Here, we report that expression of either Foxo1 or Foxo3 in cardiomyocytes attenuates calcineurin phosphatase activity and inhibits agonist-induced hypertrophic growth. Consistent with these results, Foxo proteins decrease calcineurin phosphatase activity and repress both basal and hypertrophic agonist-induced expression of MCIP1.4, a direct downstream target of the calcineurin/NFAT pathway. Furthermore, hearts from Foxo3-null mice exhibit increased MCIP1.4 abundance and a hypertrophic phenotype with normal systolic function at baseline. Together, these results suggest that Foxo proteins repress cardiac growth at least in part through inhibition of the calcineurin/NFAT pathway. Given that hypertrophic growth of the heart occurs in multiple contexts, our findings also suggest that certain hypertrophic signals are capable of overriding the antigrowth program induced by Foxo.
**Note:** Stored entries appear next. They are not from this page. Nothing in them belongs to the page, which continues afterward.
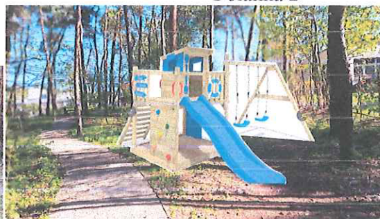
Plac zabaw dla dzieci na Cyplu, lokowany na drugiej polance i starej ścieżce.
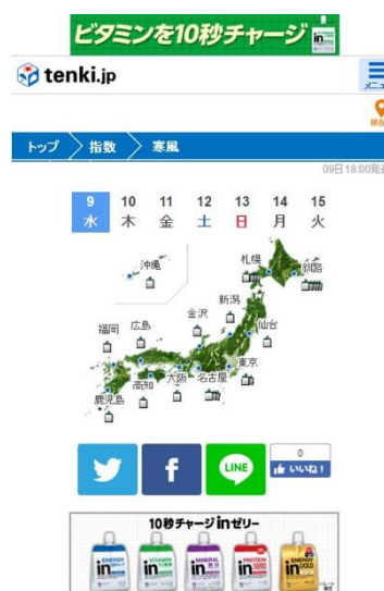
(スマートフォン専用サイトイメージ)

天気予報専門サイト「tenki.jp（てんきじえーぴー）」 http://www.tenki.jp
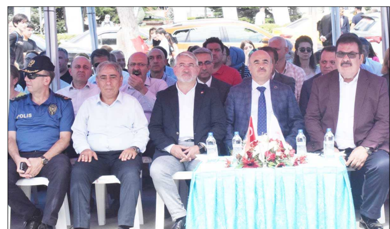
Ödül törenine protokol üyeleri yoğun ilgi gösterdi.
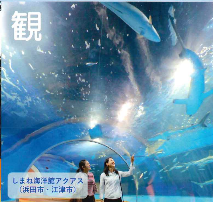
しまね海洋館アクアス (浜田市・江津市)

Consistent with this, multiple hypertrophic agonists triggered inactivation of Foxo proteins in cardiomyocytes through a mechanism requiring the PI3K/Akt pathway. In addition, both Foxo1 and Foxo3 are phosphorylated and consequently inactivated in hearts undergoing hypertrophic growth induced by hemodynamic stress.


This study suggests that inhibition of the calcineurin/NFAT signaling cascade by Foxo and release of this repressive action by the PI3K/Akt pathway are important mechanisms whereby Foxo factors govern cell growth in the heart.